В это воскресенье юная Кротиха была в полном распоряжении своей единственной подруги. Нина вместе с Евой обошла и еще раз посмотрела все закоулки и тропинки возле домов и дворов, которые не «обходились» без нее все шестнадцать лет. В этот день, как это казалось молодым селянкам, даже сама природа заискивала перед ними и делала все возможное для их ублажения, для Евы с длинной толстой косой белых волос и для Нины с двумя тоненькими черными косичками. Чем больше подруги гуляли и смеялись, тем чаще смотрели на часы. Время неумолимо толкало их на разлуку, пусть даже временную, но все-таки на разлуку. Иногда они останавливались, крепко обнимали друг друга и плакали. Плакали навзрыд, как будто они потеряли близкого знакомого или родственника…

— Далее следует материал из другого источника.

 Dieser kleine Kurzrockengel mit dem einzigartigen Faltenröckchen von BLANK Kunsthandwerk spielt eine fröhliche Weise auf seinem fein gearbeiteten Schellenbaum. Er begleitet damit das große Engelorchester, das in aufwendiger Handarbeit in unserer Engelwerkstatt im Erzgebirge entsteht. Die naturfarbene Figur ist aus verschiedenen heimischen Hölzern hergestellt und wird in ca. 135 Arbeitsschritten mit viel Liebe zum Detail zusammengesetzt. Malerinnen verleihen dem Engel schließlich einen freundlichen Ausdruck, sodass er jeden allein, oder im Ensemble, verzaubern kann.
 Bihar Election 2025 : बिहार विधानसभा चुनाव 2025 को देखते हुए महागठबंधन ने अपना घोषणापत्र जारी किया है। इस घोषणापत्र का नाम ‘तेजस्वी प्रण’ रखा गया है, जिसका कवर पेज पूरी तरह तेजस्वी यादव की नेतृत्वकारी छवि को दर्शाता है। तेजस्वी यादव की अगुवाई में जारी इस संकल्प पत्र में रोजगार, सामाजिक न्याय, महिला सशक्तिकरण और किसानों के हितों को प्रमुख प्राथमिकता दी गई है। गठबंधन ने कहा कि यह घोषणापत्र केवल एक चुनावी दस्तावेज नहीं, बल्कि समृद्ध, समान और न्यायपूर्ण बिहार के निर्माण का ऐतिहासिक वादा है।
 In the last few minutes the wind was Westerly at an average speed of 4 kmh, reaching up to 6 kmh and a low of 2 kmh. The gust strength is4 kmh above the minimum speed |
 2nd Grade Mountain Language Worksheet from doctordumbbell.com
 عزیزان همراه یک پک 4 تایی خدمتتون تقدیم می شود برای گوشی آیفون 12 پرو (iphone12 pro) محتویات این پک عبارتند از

Где-то около семи вечера подруги расстались. Нина проводила Еву до ее дома, помогла нести вещи. Подруги посидели немножко на «дорожку», обнялись и расцеловались. Кулешова, еле сдерживая слезы, через силу сказала своей подруге:

— Ну, Кротиха, прощай, а лучше, до скорого свидания. Возможно, я приеду в сентябре… Ты не падай духом и за своей дочкой смотри хорошенько. Она, как-никак, есть твое будущее… За меня сильно не переживай. Где бы мы с тобою не были, мы всегда будем вместе… Я думаю, что нас жизнь никогда не разлучит ни на этой земле и ни на том свете…

Расставаясь друг с другом, девочки не знали, что их прощание последнее в жизни Нины. Никогда больше не увидит и не услышит Ева свою единственную подругу.

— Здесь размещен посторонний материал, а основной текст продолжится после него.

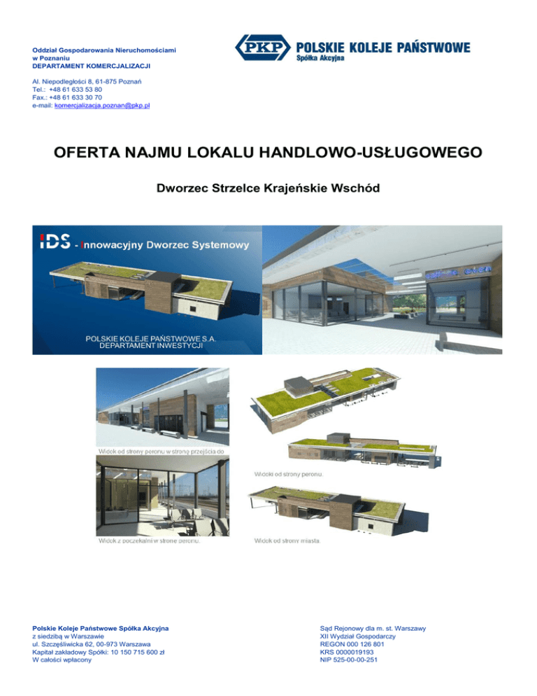 Oddział Gospodarowania Nieruchomościami w Poznaniu DEPARTAMENT KOMERCJALIZACJI Al. Niepodległości 8, 61-875 Poznań Tel.: +48 61 633 53 80 Fax.: +48 61 633 30 70 e-mail: [email protected] OFERTA NAJMU LOKALU HANDLOWO-USŁUGOWEGO Dworzec Strzelce Krajeńskie Wschód Polskie Koleje Państwowe Spółka Akcyjna z siedzibą w Warszawie ul. Szczęśliwicka 62, 00-973 Warszawa Kapitał zakładowy Spółki: 10 150 715 600 zł W całości wpłacony Sąd Rejonowy dla m. st. Warszawy XII Wydział Gospodarczy REGON 000 126 801 KRS 0000019193 NIP 525-00-00-251 Opis: Oferujemy do wynajęcia lokal handlowo-usługowy znajdujący się na parterze w budynku Dworca Strzelce Krajeńskie Wschód. Dworzec Strzelce Krajeńskie Wschód to stacja kolejowa położona w miejscowości Zwierzyn, w północno wschodnim krańcu województwa lubuskiego oraz południowo zachodniej części powiatu strzelecko-drezdeneckiego. Dworzec położony jest przy ul. Dworcowej 1. W bezpośrednim sąsiedztwie nieruchomości znajduje się siedziba Urzędu Gminy Zwierzyn, nieliczne punkty handlowo-usługowe. W okolicy dominuje zabudowa mieszkaniowa wielorodzinna oraz jednorodzinna. Informacje o budynku dworca: Stan techniczny: nowy budynek dworcowy, typu IDS, który będzie spełniać następujące funkcje: zapewnienie wysokiego standardu obsługi podróżnych, w tym dla osób niepełnosprawnych, stworzenie wysokiej jakości przestrzeni obsługi podróżnych, stworzenie w obrębie dworca atrakcyjnej przestrzeni komercyjnej i publicznej, mogącej funkcjonować niezależnie, jako dopełnienie funkcjonalne obiektu oraz element przyciągający najemców i użytkowników spoza grupy podróżnych, kreowanie przyjaznego obrazu miasta oraz polskiej kolei, obiekt reprezentacyjny dla danego miasta, Zakończenie inwestycji: III Q 2015 r. Polskie Koleje Państwowe Spółka Akcyjna z siedzibą w Warszawie ul. Szczęśliwicka 62, 00-973 Warszawa Kapitał zakładowy Spółki: 10 150 715 600 zł W całości wpłacony Sąd Rejonowy dla m. st. Warszawy XII Wydział Gospodarczy REGON 000 126 801 KRS 0000019193 NIP 525-00-00-251 Proponowany lokal: 24,31 m2 Cena najmu: Standard lokalu: standard deweloperski Zapraszamy do współpracy w zakresie najmu powierzchni. Pozdrawiam, Emilia Żabicka Departament Komercjalizacji Nieruchomości Polskie Koleje Państwowe S.A. e-mail:[email protected] Tel. +48 721 806 318 ------------------------------------------------------------------------------------------ --------------------------------------------------------------------------------------- Polskie Koleje Państwowe Spółka Akcyjna z siedzibą w Warszawie ul. Szczęśliwicka 62, 00-973 Warszawa Kapitał zakładowy Spółki: 10 150 715 600 zł W całości wpłacony Sąd Rejonowy dla m. st. Warszawy XII Wydział Gospodarczy REGON 000 126 801 KRS 0000019193 NIP 525-00-00-251

Виной этому явилась матушка-природа. В понедельник погода еще до обеда держалась. Кое-где на небе были тучки, однако дождя не было. Нина собиралась ехать вечерней электричкой в областной центр. Остановочный железнодорожный пункт находился от Водяного в двадцати километрах. Машина за девушкой подъехала к дому где-то около пяти вечера, за час до отправления поезда. Запас времени был необходим, ведь все в этой жизни бывает…

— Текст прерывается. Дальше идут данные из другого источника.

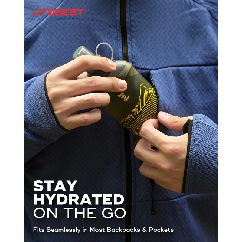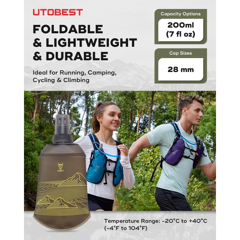 UTOBEST Soft Flask Collapsible Running Water Bottle 200 ml, Flexible TPU Folding Running Flask for Hydration Pack, Soft Flask Running Bottles for Hiking 28mm Caliber (Yellow)
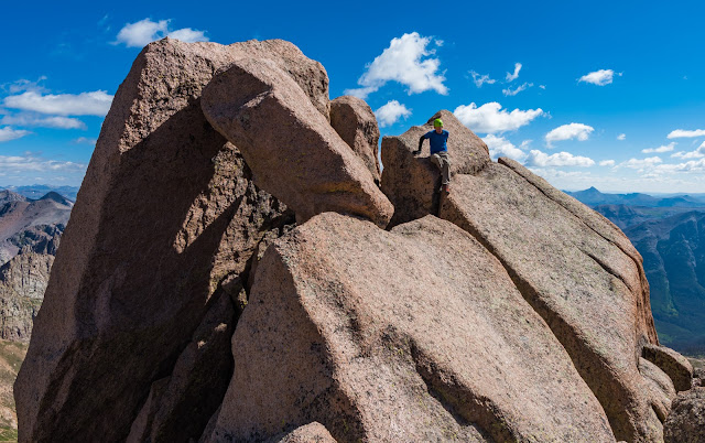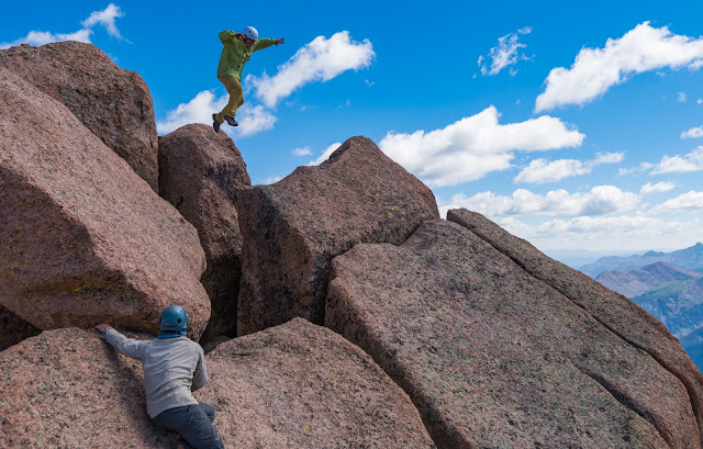 Some action shots of the two brothers who came up to summit Sunlight Peak shortly after Dave and I completed our own summits there. I offered to take some action shots of them making the jump and to send them the pictures after I got them edited some weeks after the trip; they agreed and thus I was able to do them a kindness while also gather some excellent examples of how significant a jump this is between the blocks...it's not your standard step across a little, though highly exposed, gap...
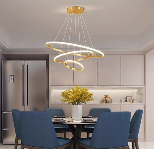 同時,這款燈飾采用圓環(huán)設(shè)計,踐行幾何藝術(shù),創(chuàng)造美感,成為單調(diào)、乏味生活中的“一抹光彩”。圓環(huán)邊采用金屬材質(zhì)打造,充滿高級感的金色與LED燈光,交相輝映,點綴整個空間。錯落有致的鋼條,從視覺上拉伸空間,與不規(guī)則的圓環(huán),定義光影藝術(shù)。如此精巧的燈飾,如同藝術(shù)品一般,“點亮”所到之處。
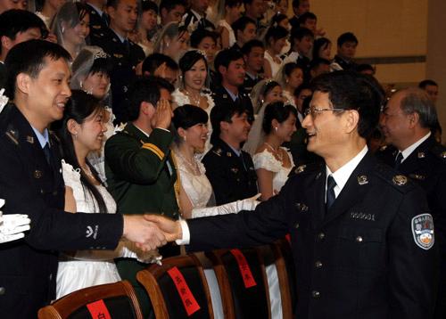 孟建柱會見參加公安部春晚集體婚禮的100對新人

Нина, как и положено, тепло простилась с родителями, внимательно выслушала все их наказы. Не обошлось и без слез. Пассажиров у водителя было трое: две бабки где-то под семьдесят лет каждой, а может и меньше, да Нина. Водитель старух посадил себе в кабину не только из-за старости. Бабки были довольно тоненькие, да и росточом ниже, чем молодая особа. Нине «по чину» пришлось залезть в кузов, да и там-то в принципе было не так уже и плохо. Девушка уютно села на скамейку, которая была прикреплена к противоположным бортам кузова. На улице было довольно тепло, лишь маленькие тучки «кидали» иногда на землю маленькие капли воды. Ничего не предвещало, что погода может резко измениться. Нина еще долго махала рукой плачущим родителям, которые, как и она, желали друг другу счастья и здоровья.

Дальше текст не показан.